In [1]:
%load_ext autoreload
%autoreload 2

In [2]:
import torch
import numpy as np
import json
from tqdm import tqdm

In [3]:
import os
import sys
sys.path.append('..')

from relations import estimate
from util import model_utils
from dsets.counterfact import CounterFactDataset

In [4]:
MODEL_NAME = "gpt2-xl"  # gpt2-{medium,large,xl} or EleutherAI/gpt-j-6B
mt = model_utils.ModelAndTokenizer(MODEL_NAME, low_cpu_mem_usage=False)

model = mt.model
tokenizer = mt.tokenizer
tokenizer.pad_token = tokenizer.eos_token

In [5]:
subject_arr = [
    "The Space Needle",
    "The Eiffel Tower",
    "The Great Wall",
    "Niagara Falls",
    "Taj Mahal"
]

relation = "{} is located in the country of"

prompt = [relation.format(sub) for sub in subject_arr]

txt, ret_dict = model_utils.generate_fast(
    model, tokenizer,
    prompt,
    argmax_greedy = False,
    max_out_len= 20,
    # debug=True,
    get_answer_tokens=True,
)

model_utils.print_formatted_results(prompt, txt, ret_dict)

The Space Needle is located in the country of
The Space Needle is located in the country of Seattle, in the city of Seattle.

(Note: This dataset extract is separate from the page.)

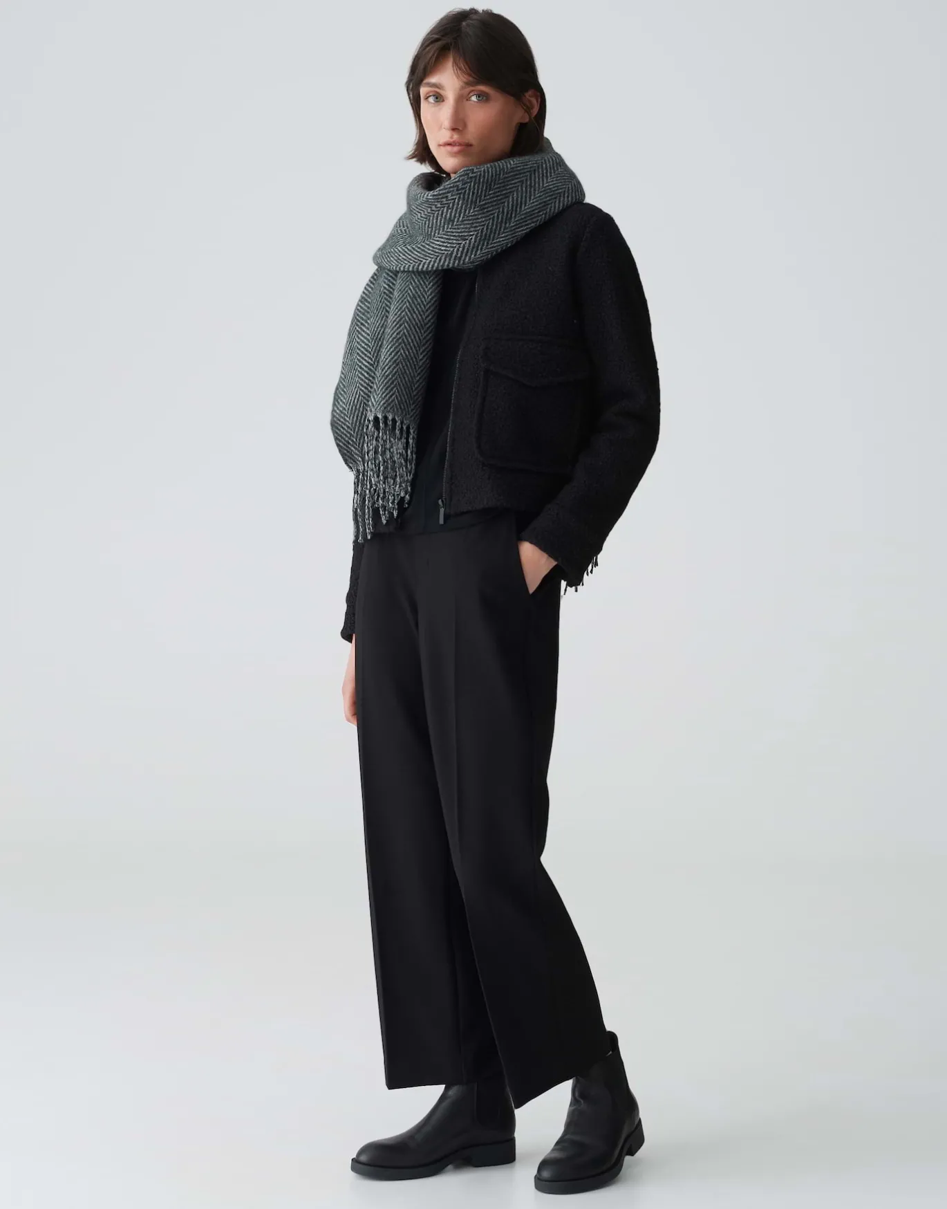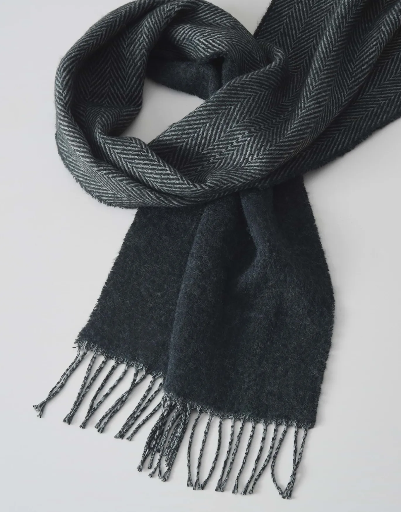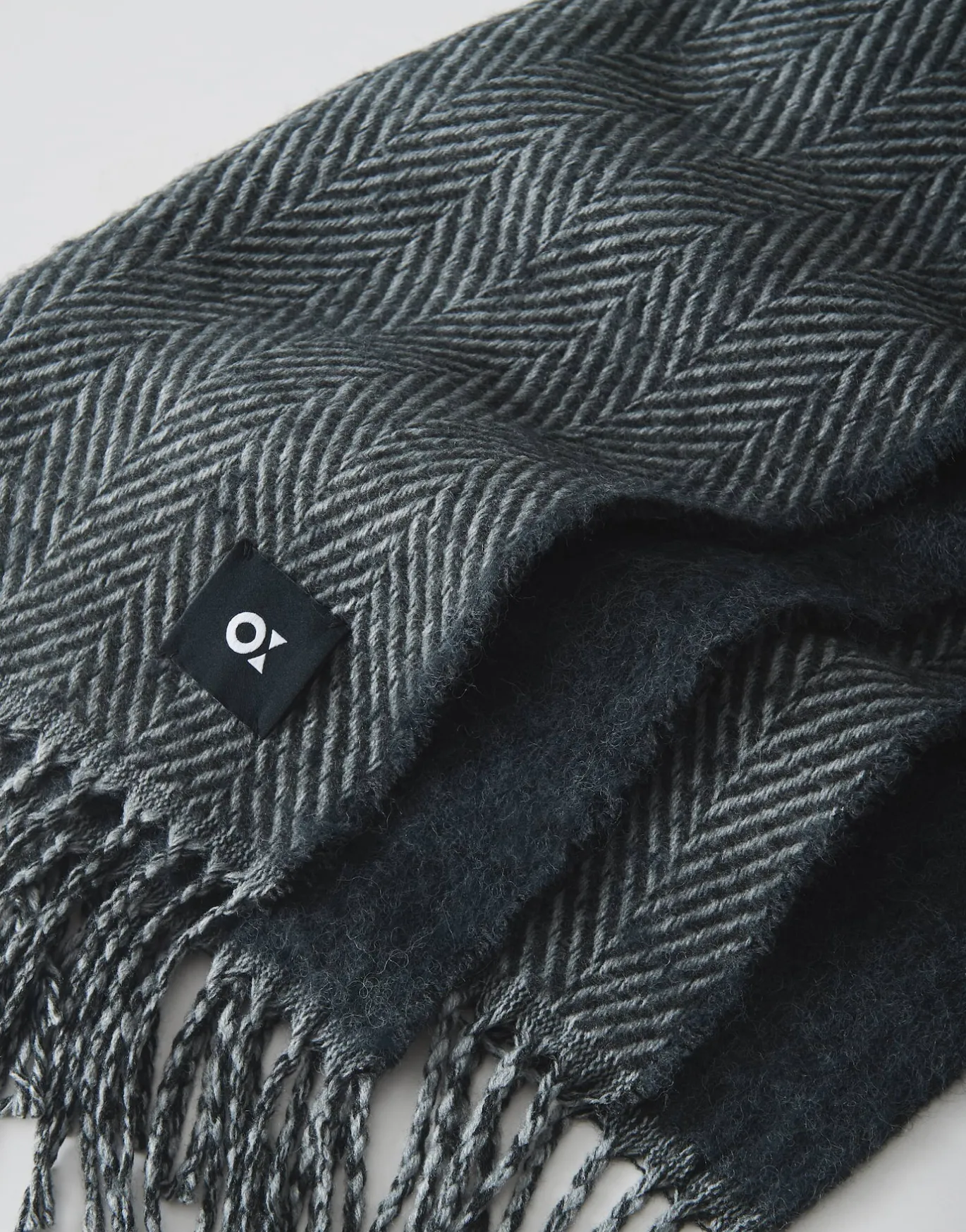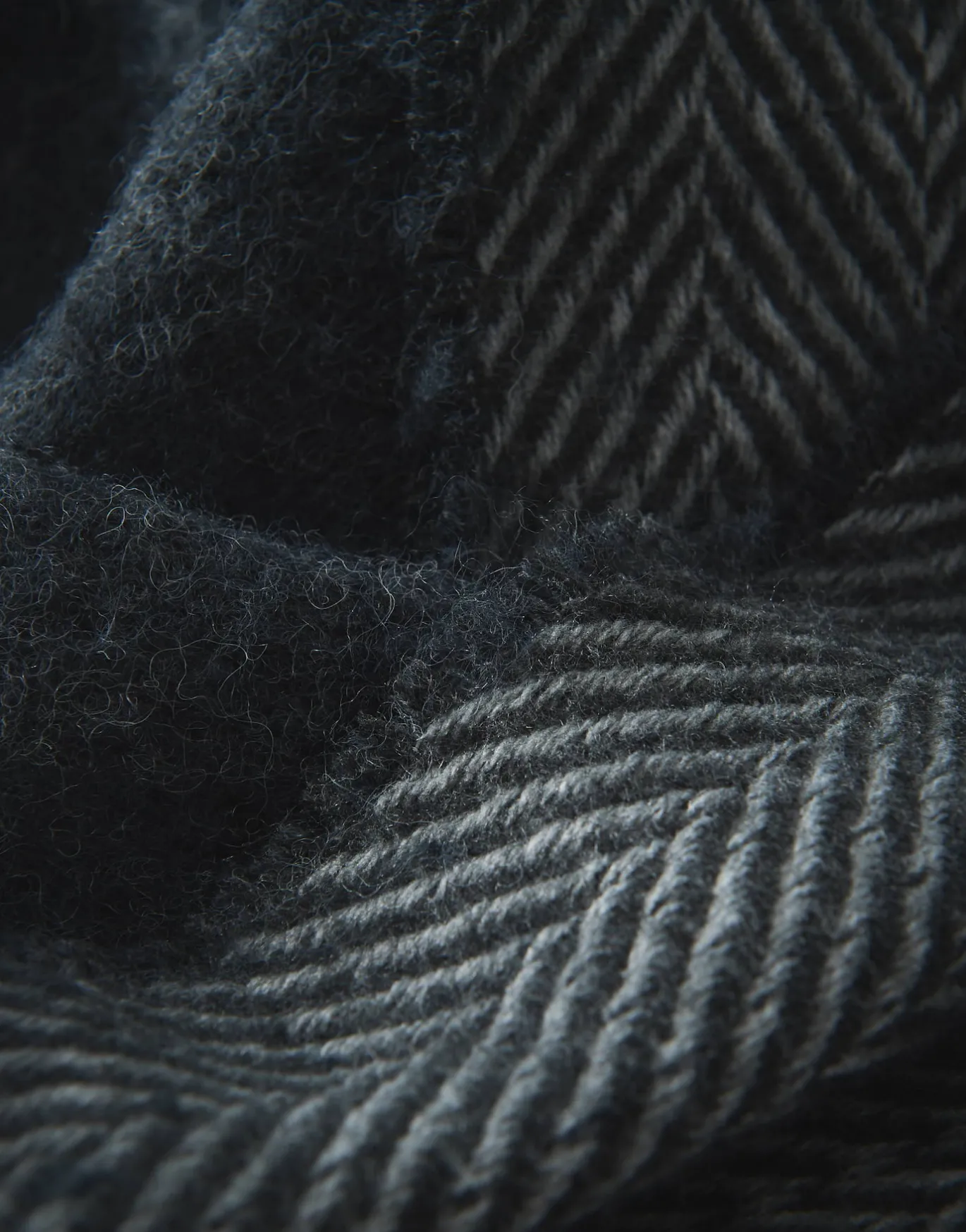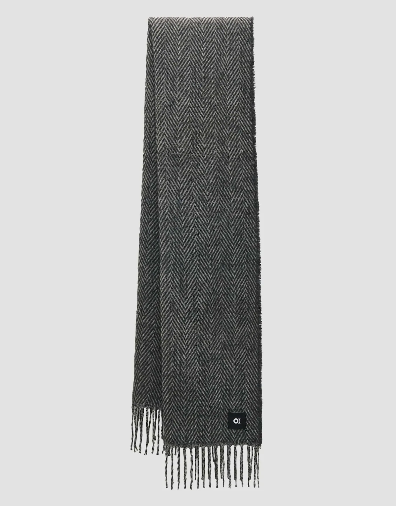 Der voluminöse Strickschal spielt mit unterschiedlichen Oberflächenoptiken und setzt auf ein klassisches Fischgrat Design – für einen stilvollen Herbstlook.

The Space
p(answer):  p(' Washington'[2669])=0.1645, p(' Seattle'[7312])=0.106, p(' the'[262])=0.0764, p(' Japan'[2869])=0.0416, p(' Canada'[3340])=0.0377

The Eiffel Tower is located in the country of
The Eiffel Tower is located in the country of France. The Eiffel Tower is the
p(answer):  p(' France'[4881])=0.9608, p(' Paris'[6342])=0.0046, p(' the'[262])=0.003, p(' Belgium'[15664])=0.0029, p(' French'[4141])=0.0029

The Great Wall is located in the country of
The Great Wall is located in the country of China, but is also part of the country's "
p(answer):  p(' China'[2807])=0.4976, p(' the'[262])=0.0259, p(' Xin'[25426])=0.0201, p(' Yun'[20757])=0.015, p(' J'[449])=0.0141

Niagara Falls is located in the country of
Niagara Falls is located in the country of Ontario, in the province of Ontario.  The
p(answer):  p(' Ontario'[10553])=0.3898, p(' Canada'[3340])=0.

In [6]:
is_located_in = estimate.estimate_relation_operator(
    model,
    tokenizer,
    "The Space Needle",
    "{} is located in the country of",
    layer=25,
    device=model.device,
)

is_located_in.misc

{'Jh_norm': 44.985111236572266,
 'bias_norm': 372.6827087402344,
 'h_info': {'h_index': 3, 'token_id': 293, 'token': 'le'},
 'consider_residual': False}

In [22]:
is_located_in_res = estimate.estimate_relation_operator(
    model,
    tokenizer,
    "The Space Needle",
    "{} is located in the country of",
    layer=25,
    # consider_residual= True,
    # approximate_rank= 1,
    device=model.device,
    calculate_at_lnf= True,
)

is_located_in_res.misc

{'Jh_norm': 6.443312644958496,
 'bias_norm': 13.347543716430664,
 'h_info': {'h_index': 3, 'token_id': 293, 'token': 'le'},
 'consider_residual': False}

In [17]:
test_cases = [
    ("The Great Wall", -1, "China"),
    ("Niagara Falls", -2, "Canada"),
    ("Valdemarsvik", -1, "Sweden"),
    ("Kyoto University", -2, "Japan"),
    ("Hattfjelldal", -1, "Norway"),
    ("Ginza", -1, "Japan"),
    ("Sydney Hospital", -2, "Australia"),
    ("Mahalangur Himal", -1, "Nepal"),
    ("Higashikagawa", -1, "Japan"),
    ("Trento", -1, "Italy"),
    ("Taj Mahal", -1, "India")
]

In [18]:
for subject, subject_token_index, target in test_cases:
    objects = is_located_in(
        subject,
        subject_token_index=subject_token_index,
        device=model.device,
        return_top_k=5,
    )
    print(f"{subject}, target: {target}   ==>   predicted: {objects}")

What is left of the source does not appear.